*WHAT YOU NEED TO DO*.
From the first line to the last, reproduce the records below exactly, omitting any picture.

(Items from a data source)

== Segment start ==

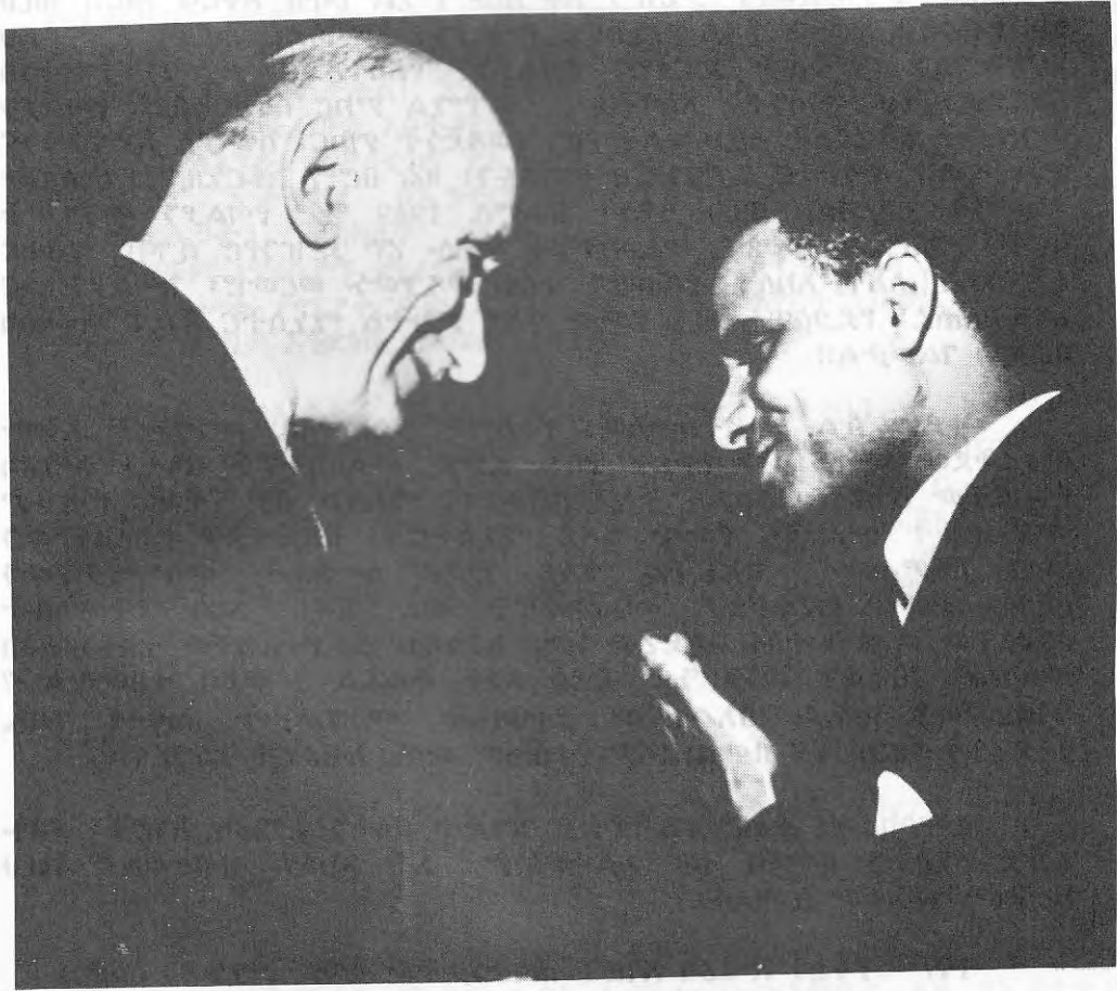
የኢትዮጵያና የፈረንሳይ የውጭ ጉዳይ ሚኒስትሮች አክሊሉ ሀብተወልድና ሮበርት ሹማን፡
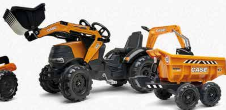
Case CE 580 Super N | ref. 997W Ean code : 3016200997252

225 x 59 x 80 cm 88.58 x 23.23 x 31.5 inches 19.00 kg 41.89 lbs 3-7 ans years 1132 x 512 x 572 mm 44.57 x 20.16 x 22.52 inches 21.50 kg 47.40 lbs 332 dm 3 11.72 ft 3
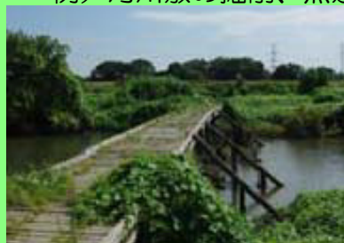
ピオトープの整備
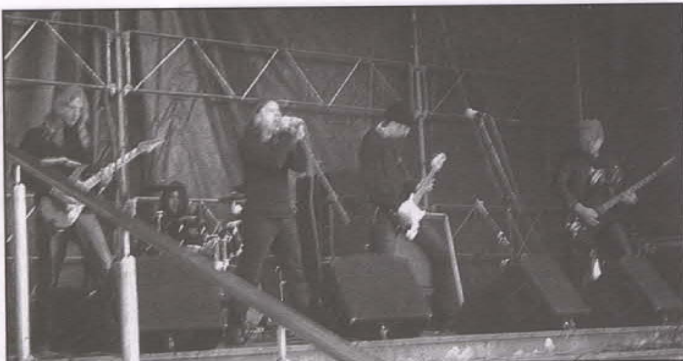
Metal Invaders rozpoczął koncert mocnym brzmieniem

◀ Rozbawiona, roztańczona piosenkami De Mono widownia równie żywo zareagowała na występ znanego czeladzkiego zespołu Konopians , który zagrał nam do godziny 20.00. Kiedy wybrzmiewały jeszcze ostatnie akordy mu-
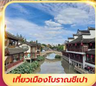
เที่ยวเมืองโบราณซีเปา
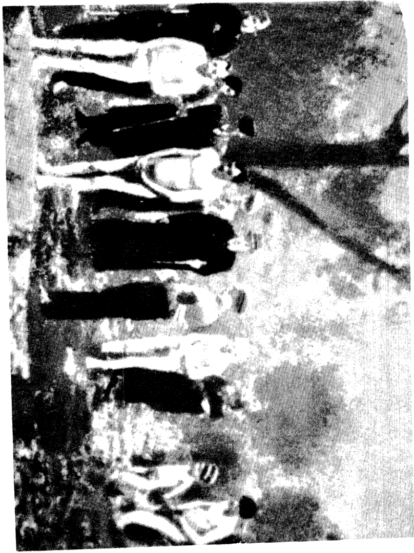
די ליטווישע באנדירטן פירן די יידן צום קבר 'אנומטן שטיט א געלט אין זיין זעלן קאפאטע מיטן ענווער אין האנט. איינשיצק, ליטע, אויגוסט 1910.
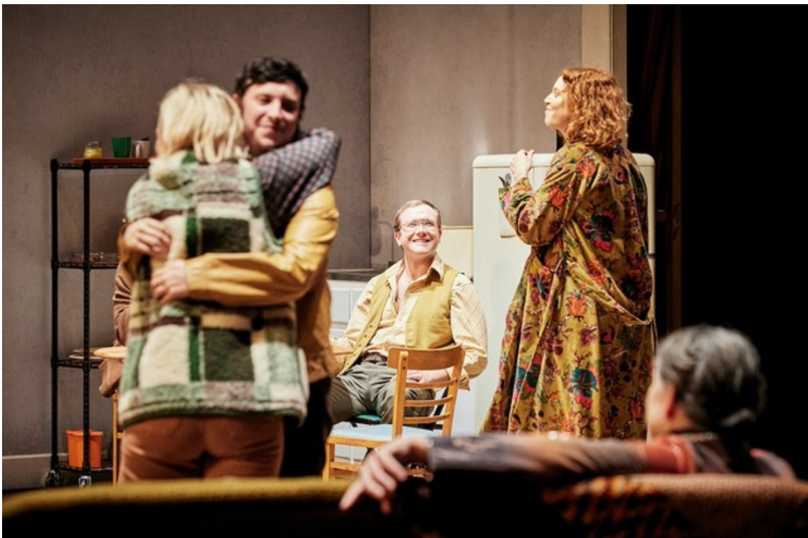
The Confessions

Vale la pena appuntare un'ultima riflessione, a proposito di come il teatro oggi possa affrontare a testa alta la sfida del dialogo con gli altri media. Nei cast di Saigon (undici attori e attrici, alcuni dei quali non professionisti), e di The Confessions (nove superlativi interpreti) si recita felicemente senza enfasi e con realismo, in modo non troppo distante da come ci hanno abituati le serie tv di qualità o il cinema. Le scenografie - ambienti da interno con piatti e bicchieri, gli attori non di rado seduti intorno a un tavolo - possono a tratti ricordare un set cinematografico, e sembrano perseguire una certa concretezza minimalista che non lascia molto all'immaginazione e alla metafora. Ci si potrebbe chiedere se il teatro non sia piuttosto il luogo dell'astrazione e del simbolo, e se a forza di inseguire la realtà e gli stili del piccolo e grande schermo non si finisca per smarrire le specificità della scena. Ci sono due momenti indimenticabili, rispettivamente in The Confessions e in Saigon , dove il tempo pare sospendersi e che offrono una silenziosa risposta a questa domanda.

== Segment end ==

*ANSWER*.
የኢትዮጵያና የፈረንሳይ የውጭ ጉዳይ ሚኒስትሮች አክሊሉ ሀብተወልድና ሮበርት ሹማን፡
Case CE 580 Super N | ref. 997W Ean code : 3016200997252

225 x 59 x 80 cm 88.58 x 23.23 x 31.5 inches 19.00 kg 41.89 lbs 3-7 ans years 1132 x 512 x 572 mm 44.57 x 20.16 x 22.52 inches 21.50 kg 47.40 lbs 332 dm 3 11.72 ft 3
ピオトープの整備
Metal Invaders rozpoczął koncert mocnym brzmieniem

◀ Rozbawiona, roztańczona piosenkami De Mono widownia równie żywo zareagowała na występ znanego czeladzkiego zespołu Konopians , który zagrał nam do godziny 20.00. Kiedy wybrzmiewały jeszcze ostatnie akordy mu-
เที่ยวเมืองโบราณซีเปา
די ליטווישע באנדירטן פירן די יידן צום קבר 'אנומטן שטיט א געלט אין זיין זעלן קאפאטע מיטן ענווער אין האנט. איינשיצק, ליטע, אויגוסט 1910.
The Confessions

Vale la pena appuntare un'ultima riflessione, a proposito di come il teatro oggi possa affrontare a testa alta la sfida del dialogo con gli altri media. Nei cast di Saigon (undici attori e attrici, alcuni dei quali non professionisti), e di The Confessions (nove superlativi interpreti) si recita felicemente senza enfasi e con realismo, in modo non troppo distante da come ci hanno abituati le serie tv di qualità o il cinema. Le scenografie - ambienti da interno con piatti e bicchieri, gli attori non di rado seduti intorno a un tavolo - possono a tratti ricordare un set cinematografico, e sembrano perseguire una certa concretezza minimalista che non lascia molto all'immaginazione e alla metafora. Ci si potrebbe chiedere se il teatro non sia piuttosto il luogo dell'astrazione e del simbolo, e se a forza di inseguire la realtà e gli stili del piccolo e grande schermo non si finisca per smarrire le specificità della scena. Ci sono due momenti indimenticabili, rispettivamente in The Confessions e in Saigon , dove il tempo pare sospendersi e che offrono una silenziosa risposta a questa domanda.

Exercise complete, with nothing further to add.